The GEOS-Chem Support Team has created an external package named GEOS-Chem-Libraries that will automate much of the netCDF library installation for you. For more information about how to use the GEOS-Chem-Libraries installer, please see our Installing libraries for GEOS-Chem wiki page.

If you work at an institution with several GEOS-Chem users, then your sysadmin can help you to installl the netCDF library into a common directory where everyone can access it.

--Bob Y. 16:25, 16 January 2014 (EST)

Libraries that you may need for certain data sets

If you are working with large raw data files (e.g. "raw" GMAO met field data or one of the many satellite data products), you may also need to install additional libraries. You can then link these libraries to the Fortran code that you use to process your data.
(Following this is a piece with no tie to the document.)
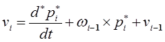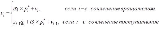 (12-17) Используя равенства (12-16) и (12-7), выражение (12-6) для линейной скорости i- го звена относительно базовой системы координат можно представить в виде:

Here is a table that describes the file formats that are used by the various data products:

Data type File format used
GEOS-4 met ("raw" data) HDF4-EOS
GEOS-5 met ("raw" data) HDF4-EOS
MERRA met ("raw" data) HDF4-EOS
GEOS-FP met ("raw" data) netCDF-4
MOPITT satellite data HDF4-EOS
AIRS satellite data HDF4-EOS
OMI satellite data HDF5-EOS

NOTES:

  1. HDF4 is an older version of HDF. HDF5 is the newer version.
    • One of the major differences is that with HDF4 the file size may not exceed 2GB. This restriction has been lifted in HDF5.
  2. HDF-EOS is a "superset" of HDF that was developed by NASA and others to create extra data structures (Grid, Point, and Swath) that are more relevant for earth science applications.
    • HDF4-EOS is HDF-EOS that is based on HDF4.
    • HDF5-EOS is HDF-EOS that is based on HDF5.
  3. You must first install HDF4 before installing HDF4-EOS.
    • HDF4 requires that ZLIB, JPEG, (and optionally, SZLIB) libraries must also be installed.
  4. You must first install HDF5 before installing HDF5-EOS
    • HDF5 requires that ZLIB, JPEG, (and optionally, SZLIB) libraries must also be installed.
  5. netCDF-4 is the latest version of netCDF.
    • netCDF-4 is 100% compatible with the older netCDF-3 format.
    • netCDF-4 relies on HDF5, so you have to first build the HDF5 and ZLIB libraries before installing netCDF-4.

It is also possible to read HDF, HDF-EOS, and netCDF files into IDL with the GAMAP package. See the GAMAP User's Guide for more information.

The NCAR command language (NCL) can read data in all of these file formats.

--Bob Y. 16:25, 16 January 2014 (EST)